McGOWAN, Circuit Judge:

These cases, heard together en banc, involve in each instance a petition by a federal prisoner for a writ of mandamus compelling vacation of a District Court order transferring the underlying case to the district of the prisoner's place of confinement. At issue is the propriety of the exercise of authority granted in 28 U.S.C. § 1404(a):

For the convenience of parties and witnesses, in the interest of justice, a district court may transfer any civil action to any other district or division where it may have been brought.

Our en banc consideration was prompted by a seeming need to define with greater precision, if possible, the scope of our decision in Young v. United States Bureau of Prisons, et al., 125 U.S.App.D.C. 105, 367 F.2d 331 (1966). The District Court frequently has occasion to apply Young, and it is a matter of obvious importance, Rule 35(a), FRAP, that both we and the District Court be correct-and, as nearly as possible, at one-in our interpretations of the purposes and reach of Section 1404(a), and in our concepts of the procedures appropriate for its implementation.

For the reasons stated hereinafter, we find that we are without jurisdiction to consider the petition in No. 73-1034; and we deny the petition on its merits in No. 73-1827.

I

Young was one of two cases before the court on motions for leave to prosecute appeals without prepayment of costs filed by two inmates of the Federal Penitentiary in Lewisburg, Pennsylvania, who had brought separate declaratory judgment actions against federal officials in the District Court. One of the inmates, Young, had sued the Director of the Bureau of Prisons and the Chairman of the Board of Parole, asking that the time he spent on parole before being recommitted as a parole violator be credited against his sentence. The other inmate, Rossello, had sued the Board of Parole, complaining of delay in the issuance and execution of a parole violator warrant. In the case of Young, the District Court granted a motion to dismiss the complaint on its merits. 1 In the case of Rossello, the District Court granted a motion under Section 1404(a) to transfer the case to the Middle District of Pennsylvania.

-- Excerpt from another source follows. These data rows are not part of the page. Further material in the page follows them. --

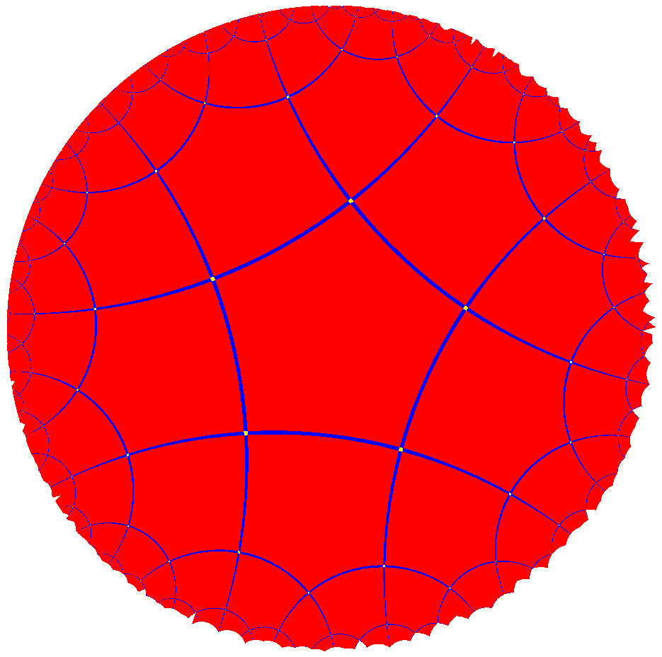 KaleidoTile, Topology and Geometry Software, Jeff Weeks Hyperbolic plane regular tiling: t0{5,4}
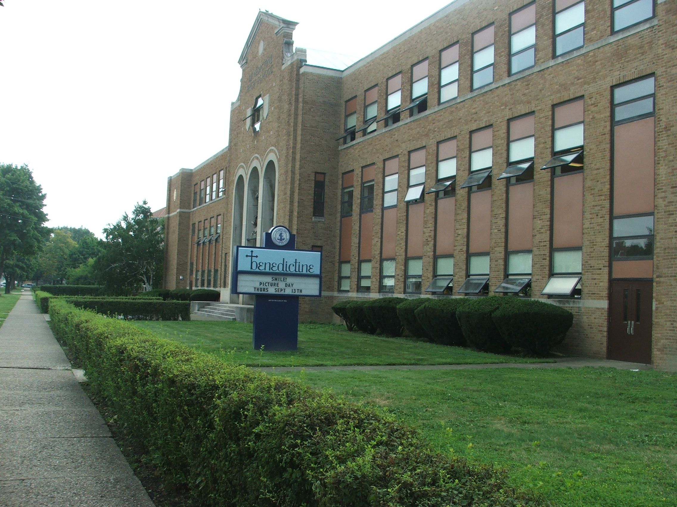 Front of Benedictine high school
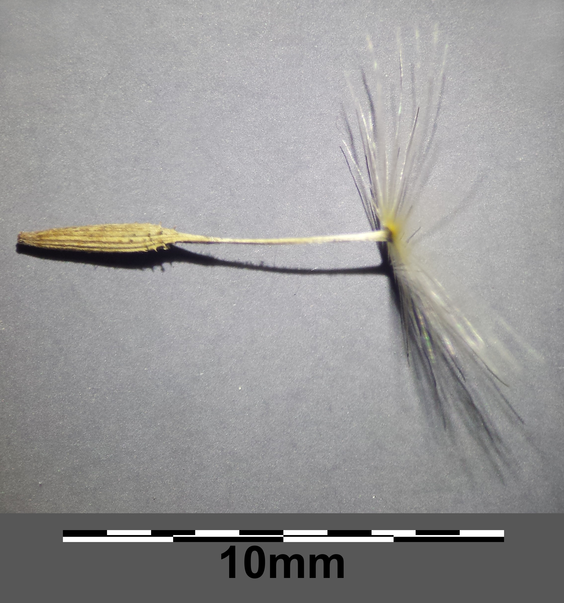 Fruit with pappus Taxonym: Taraxacum bessarabicum ss Fischer et al. EfÖLS 2008 ISBN 978-3-85474-187-9 Location: next to Wörtenlacke near Apetlon, district Neusiedl am See, Burgenland, Austria - ca. 120 m a.s.l. Habitat: salt meadows
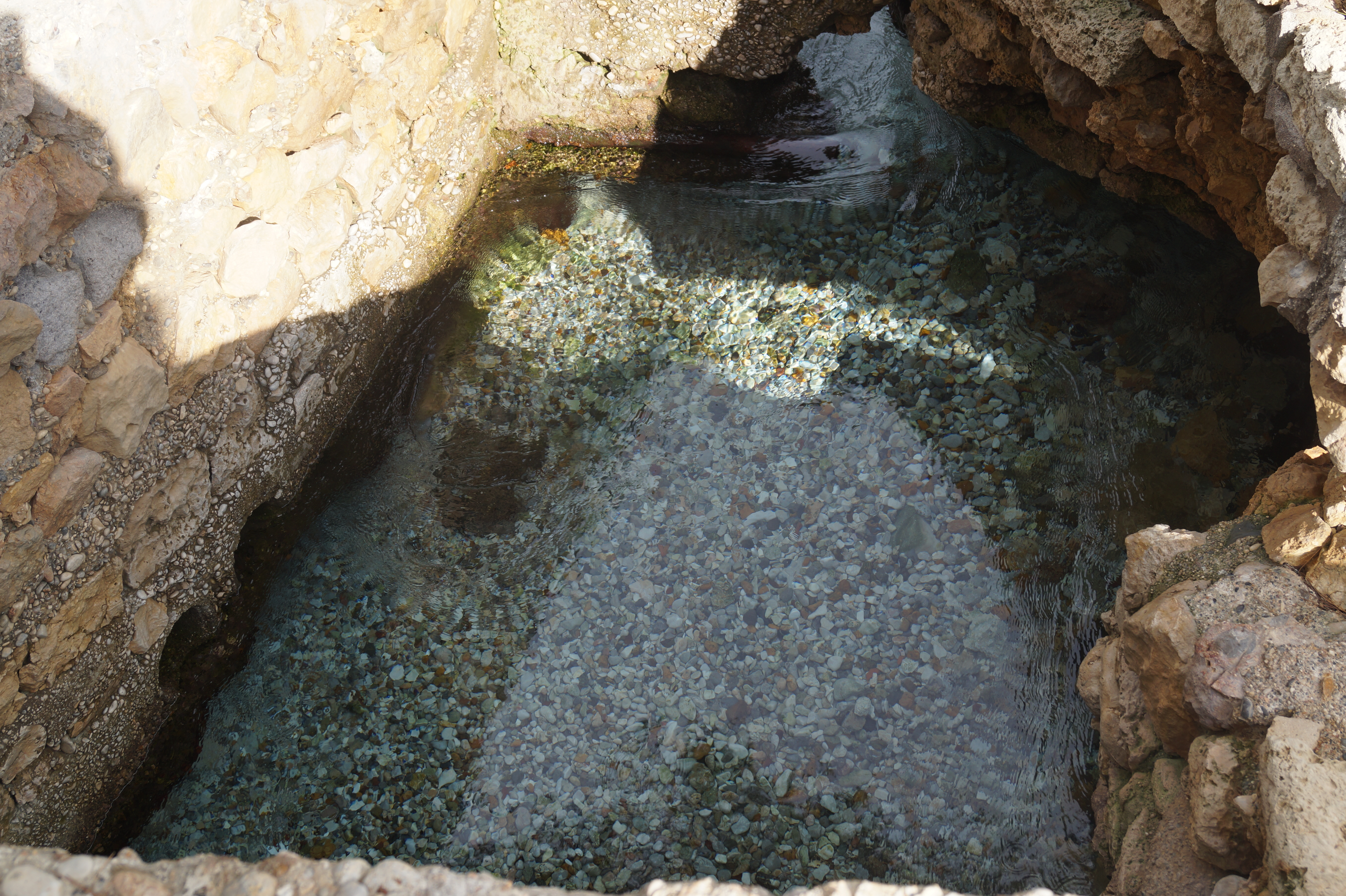 Loutra Oreas Elenis, Corinthia, Greece: South Basin of the baths of Helen.

On appeal we said that Rossello squarely posed the issue whether the District Court was obligated "to entertain declaratory judgment actions brought by inmates not confined in the District of Columbia, not sentenced in the District of Columbia, and seeking resolution of issues in no way related to this jurisdiction ..." We held that, in light of the 1962 amendment to the venue statute, 28 U.S.C. § 1391(e), our decisions prior to that amendment did not preclude transfer to the district of confinement under Section 1404(a) and that, "absent extraordinary circumstances which we need not today delineate, such actions should ordinarily be transferred as a matter of course."

We noted several reasons why we thought this course to be "in the interest of justice." The first was that the transfer is responsive to the Congressional purpose underlying the 1962 amendment. 2 Second, we considered such transfer to be desirable as a practical matter "since, if an evidentiary hearing is necessary to resolve disputed issues of material fact, the inmate will be readily available." Our third stated reason was that transfer will discourage duplicative litigation and will relieve the D. C. courts of the unnecessarily onerous task of deciding cases brought "by a prisoner incarcerated far away from Washington, D. C., and based on events alleged to have taken place in distant parts of the country" (citing and quoting from Phillips v. United States, 122 U.S.App.D.C. 235, 352 F.2d 711, 716 (1965)). We concluded by saying (at p. 333 of 367 F.2d):

"Hereafter, if such cases are instituted in this jurisdiction, the pleadings are to be preliminarily examined to determine whether any compelling reason requires the matter to be litigated here. If no such reason appears, transfer of the case to the district of confinement would be in order. (Note 7, quoted above). While there may be exceptional circumstances which would warrant retention of jurisdiction, it seems to us that such cases would be rare."

We disposed of Rossello's motion to proceed in forma pauperis on the ground that his claim that the District Court abused its discretion in transferring the case to Pennsylvania was frivolous. As for Young, we said only that "we discover no extraordinary circumstances that would require his action to be litigated here," and we therefore granted his appeal in forma pauperis, vacated the District Court's judgment on the merits, and remanded with instructions that the case be transferred to Pennsylvania.

II

Our disposition of one of the two petitions for mandamus presently pending before us en banc does not involve consideration of the merits of the transfer under Section 1404(a). On September 2, 1972, Starnes, a federal prisoner at Leavenworth, filed a pro se complaint against the Board of Parole in the District Court for the District of Columbia challenging the constitutionality of 18 U.S.C. § 4205, 3 and moved to convene a three-judge court. On October 16, the Board filed (and mailed to the plaintiff) a motion to transfer the action to the District Court for Kansas-the court in the place of the plaintiff's confinement. Plaintiff filed his pro se opposition to the motion to transfer on October 27, and three days later Judge McGuire entered an order directing transfer. On November 15, the Clerk of the District Court transferred the original papers to the District Court for Kansas. 4 The District Court in Kansas dismissed the case, on motion of the Board, on January 4, 1973. Five days later a motions division of this court ordered filed plaintiff's petition for a writ a mandamus compelling vacation of the transfer order. 5

A panel of this court, although characterizing the transfer as error, subsequently concluded that this court could provide no relief to Starnes for the reason that his case had been decided on the merits by the District Court in Kansas, and that the proper forum for review of that action was by appeal to the Tenth Circuit. Examining this state of affairs en banc and with the panel opinion vacated, we find that we are without jurisdiction to consider the subject matter of the petition for mandamus.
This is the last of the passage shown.